Robert Rigo/Daily Collegian

(Robert Rigo/Daily Collegian)

The University of Massachusetts celebrated the planned construction of the $52 million Design Building on Friday at a ceremonial groundbreaking. The ceremony honored the state-of-the-art academic facility and the innovative wood construction technologies it will incorporate.

About 100 people celebrated at the event, which featured remarks from UMass President Marty Meehan. Chancellor Kumble R. Subbaswamy, Provost and Senior Vice Chancellor for Academic Affairs Katherine Newman and State Rep. Ellen Story also spoke.

“It’s bold, beautiful, and brilliant,” said Subbaswamy of the building, which he said will be “the most advanced wood structure in the United States” once completed, yielding zero carbon emissions.

Construction of the Design Building began in the spring and is expected to be finished in 2017.

The structure, which will be 87,200 square feet, will house three areas of academic study from three separate colleges. These include Landscape Architecture & Regional Planning in the College of Social and Behavioral Sciences, the Department of Architecture in the College of Humanities and Fine Arts and the Building Construction Technology program in the College of Natural Sciences.

It will occupy parts of parking lot 62, which is next to the Studio Arts Building.

“It’s going to be a very exciting new building,” UMass Project Manager Burt Ewart told the Daily Collegian in the spring. “It’s being designed as a modern showcase of timber technology.”

The “super sustainable” four-story structure will feature wood frame construction rather than common steel and concrete construction types.
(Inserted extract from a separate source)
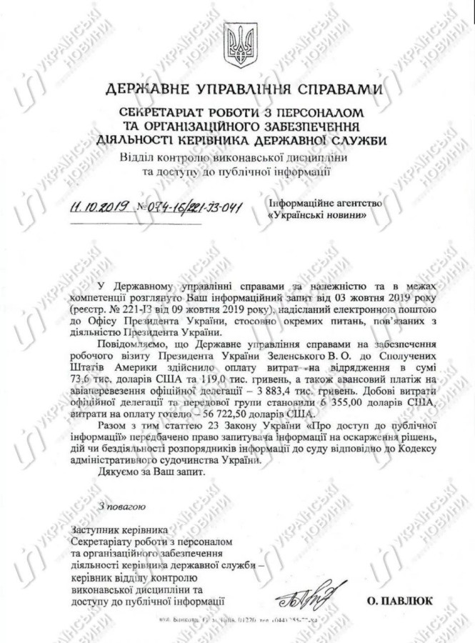 Официальный визит Владимира Зеленского в США 23-26 сентября обошелся в 7,3 миллиона гривен.

It will be built with recyclable and renewable materials and will utilize high-tech wood technologies made possible by the Environmental Bond Bill passed by the Massachusetts state legislature in 2014.

“We have old timber buildings but they’re ancient,” said Ewart. “Technology has changed a lot,”

Proposed designs show the wooden superstructure will include a two-story central courtyard, classrooms, studios, lounges, materials testing labs, offices, meeting rooms, research spaces and a café.

A “green roof” outdoor courtyard and garden on the third floor will help maintain moisture and prevent storm-water runoff, keeping the building cooler and reducing the need for air-conditioning.

Other sustainable features include low-flow water fixtures, light sensors and energy-efficient heating and ventilation systems. Space will be left on the roof for the possible installation of solar panels.

It is intended that the finished building will reveal different components of the building’s mechanical, electrical and plumbing systems for teaching purposes.

The groundbreaking ceremony included a wooden structural beam to be used in the Design Building that was available for attendees to sign their names on.

Story praised former Congressman John Olver, who attended the event but did not speak. She said in her speech that he insisted the building use a wooden rather than steel structure, which he was able to support by securing $3 million in funding.

Meehan also praised Olver for his collaboration involved with the building, pointing out that the building requires borrowing money that must be repaid.

“Excellence costs money. I will never compromise when it comes to excellence,” he said.

The project is being financed through the UMass Building Authority, which hired Boston-based Leers Weinzapfel Associates to design the building.